Saturday, October 30, 2010

Semicon industry witnessing inventory corrections vs. industry decline!

iSuppli recently reported that although the global semiconductor industry will not repeat the blowout performance anticipated for this year in 2011, growth will continue due to the ongoing recovery in the global economy and electronics market.

According to iSuppli, global semiconductor revenue will reach $317.4 billion in 2011, up 5.1 percent from $302 billion projected for 2010. This growth cannot compare to the torrid 32 percent increase that the industry will see in 2010. With the worst of the recession behind us, revenue will continue to climb steadily after this year. Semiconductor revenue will rise to approximately $357.4 billion in 2014.

iSuppli also said that there are indications that softening demand will take hold in some segments, starting in the fourth quarter and continuing through the first quarter of 2011.

Thanks to Jon Cassell and Debra Jaramilla, I managed to catch up with Sharon Stiefel, analyst for semiconductor inventory and manufacturing for iSuppli to discuss this a bit more.

I first asked Sharon what was the main reason behind iSuppli trimming its 2010 semicon revenue forecast to 32 percent, down from its previous outlook of 35.1 percent.

She said: “The main reason for the reduction in the forecast was an over-estimate of Q2 semiconductor revenues. Factoring in the results for Q2, and calculating the numbers based on a projected slower second half, brought the overall 2010 forecast down from 35.1 percent to 32 percent.”

Inventory corrections vs. industry decline
It has been reported elsewhere that the business climate for the semiconductor industry is deteriorating. Does iSuppli believe in this?

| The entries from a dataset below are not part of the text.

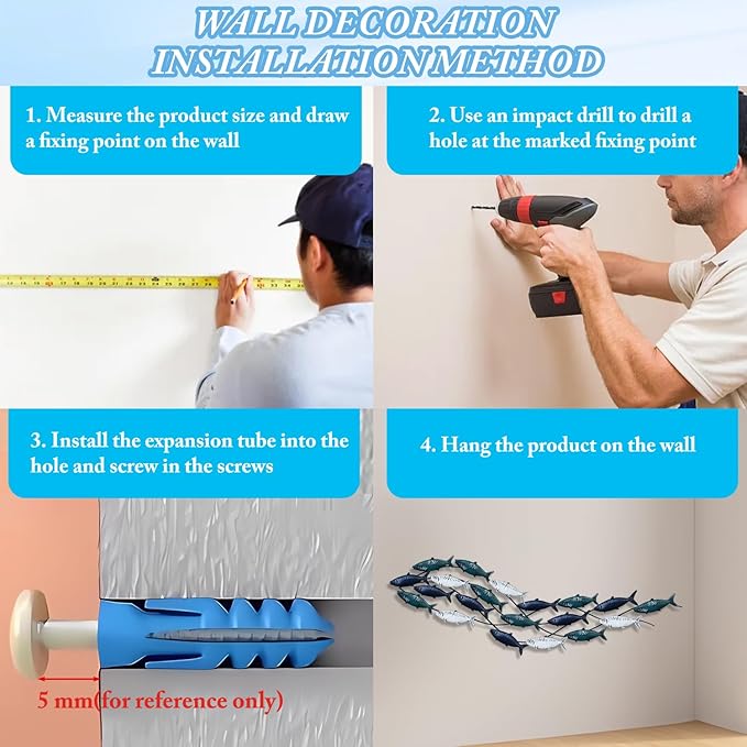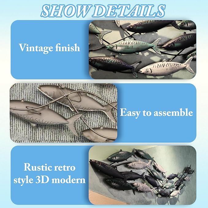 - Metal Fish Wall Decor : 20 lifelike fish frolicking in the water, handmade metal iron crafts, Hand painted old-fashioned fish decoration with a Mediterranean-style marine theme, Smart and elegant, lifelike, retro distressed finish. Large Size 59" x 16"(150 x 40cm).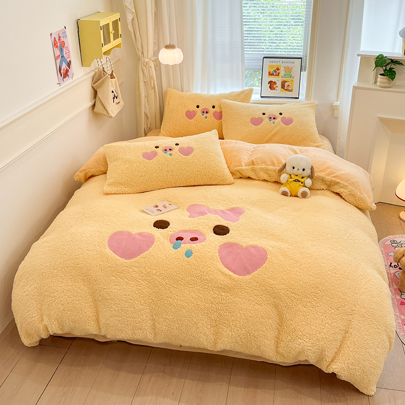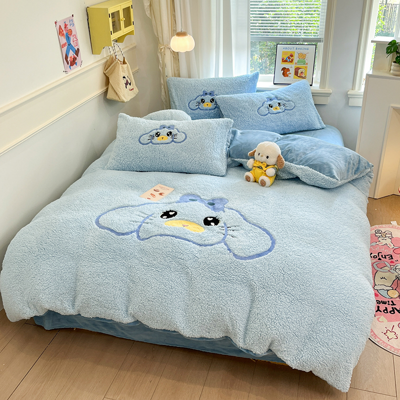 冬季牛奶绒四件套珊瑚绒床上用品床单法兰绒双面加绒加厚卡通被套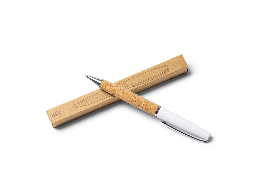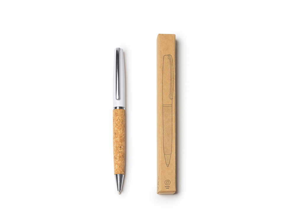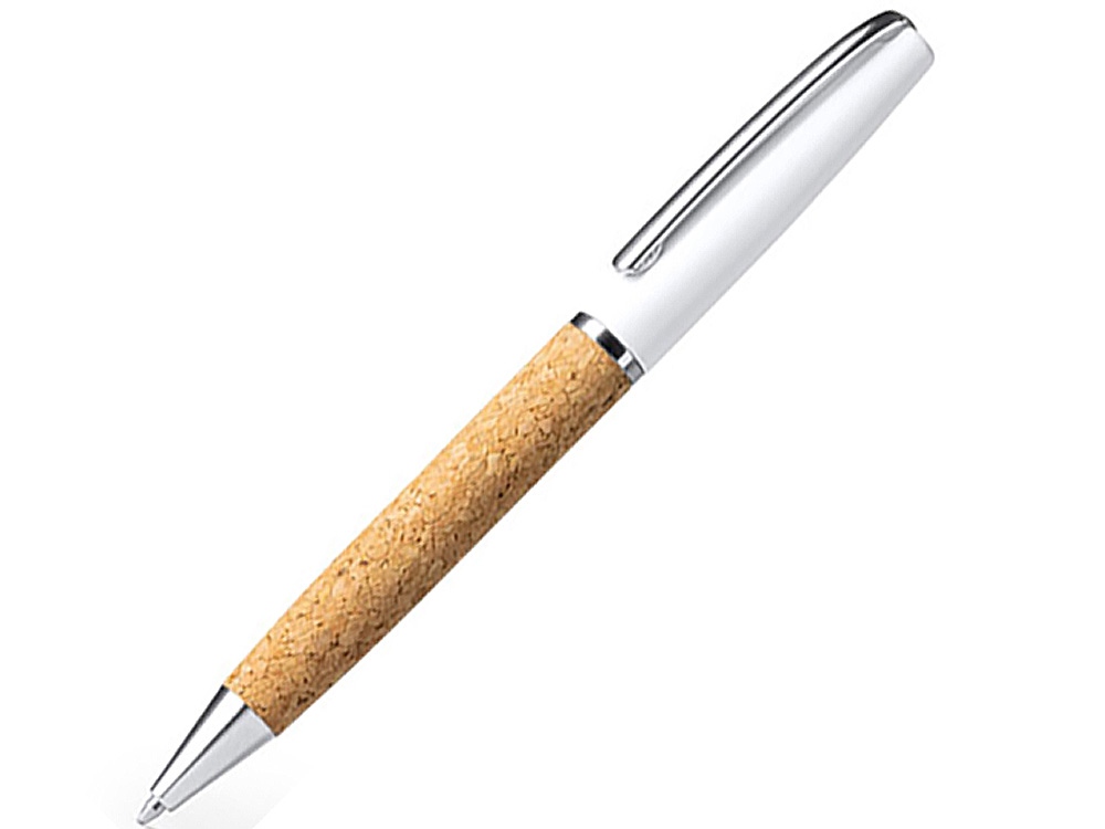 Шариковая ручка с поворотным стержнем, корпус из натуральной пробки и стали. Хромированные детали. Синие чернила.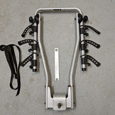 10e lisähinnasta mukaan myös MontBlanc -merkkinen pyöräteline omalla patenttikiinnityksellä (viimeinen kuva). Ei yhtä tukeva ja helppokäyttöinen kuin Thule mutta toimii.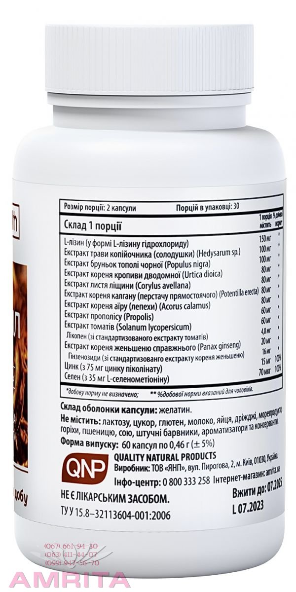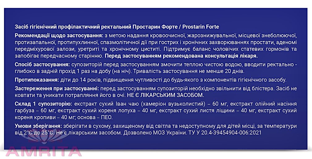 «Простасил Калган + женьшень» від Amrita – дієва багатокомпонентна формула, що містить 12 активних компонентів для профілактики захворювань простати та нормалізації функціонування сечостатевої системи у чоловіків. Виявляє болезаспокійливу, спазмолітичну, легку діуретичну, протизапальну, бактерицидну, протимікробну і протипухлинну дію. Сприяє зменшенню запалення в сечовому міхурі та простаті, усуненню дизуричних проявів, укріпленню стінок судин, поліпшенню мікроциркуляції, відновленню енергії та статевої функції.
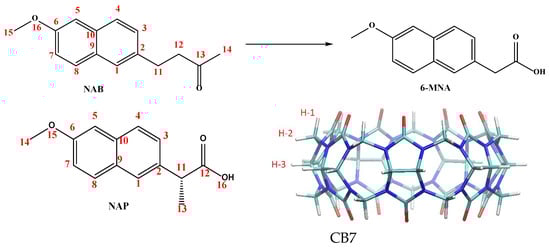 NSAIDs are widely used in clinical practice for the treatment of pain, inflammation, and fever. They also serve as valuable molecular systems in host–guest chemistry due to their diverse structures, amphiphilic character, and biologically relevant functionalities. In this study, we selected two structurally similar NSAIDs as guest molecules to investigate the host–guest interactions with CB7. The first molecule used as a guest, naproxen (NAP, Figure 1), is a long-known NSAID that is active in its administered form. The second, nabumetone (NAB, Figure 1), is a prodrug that generates the active molecule 6-methoxy-2-naphthylacetic acid (6-MNA, Figure 1) through metabolic reactions. Both drugs have been on the market for a long time but are still being researched today [18,19,20].

Stiefel said: “We would disagree. There are pockets or regions where it is reported that growth is declining. However, it appears that those are inventory corrections vs. industry decline.

“With all the innovations in electronics going forward, in every sector, semiconductor content in products will continue for the foreseeable future.”

2010 is not 2000!
It has also been said that the year 2010 is becoming very reminiscent of the year 2000, where poor inventory control, fear of IC shortages, and concerns over long waiting times for leading-edge equipment spelled disaster, and led to the year ending with $10 billion in excess IC capacity and a shattered equipment industry that took years to claw out of the red and has never fully recovered until this year. Does iSuppli see a similar pattern as well?

Stiefel noted: “A lack of visibility going into Q4, combined with an inventory correction at OEM customers provides the possibility for inventories to rise to undesirable levels. This, however, is a relatively minor event compared to the situation in 2000-2001.

“Keep in mind that this recession didn’t put any major semiconductor companies out of business. They were able to reduce their production levels initially and work their way back to record revenues, gross margins and profits in 2010, at a record pace of recovery.”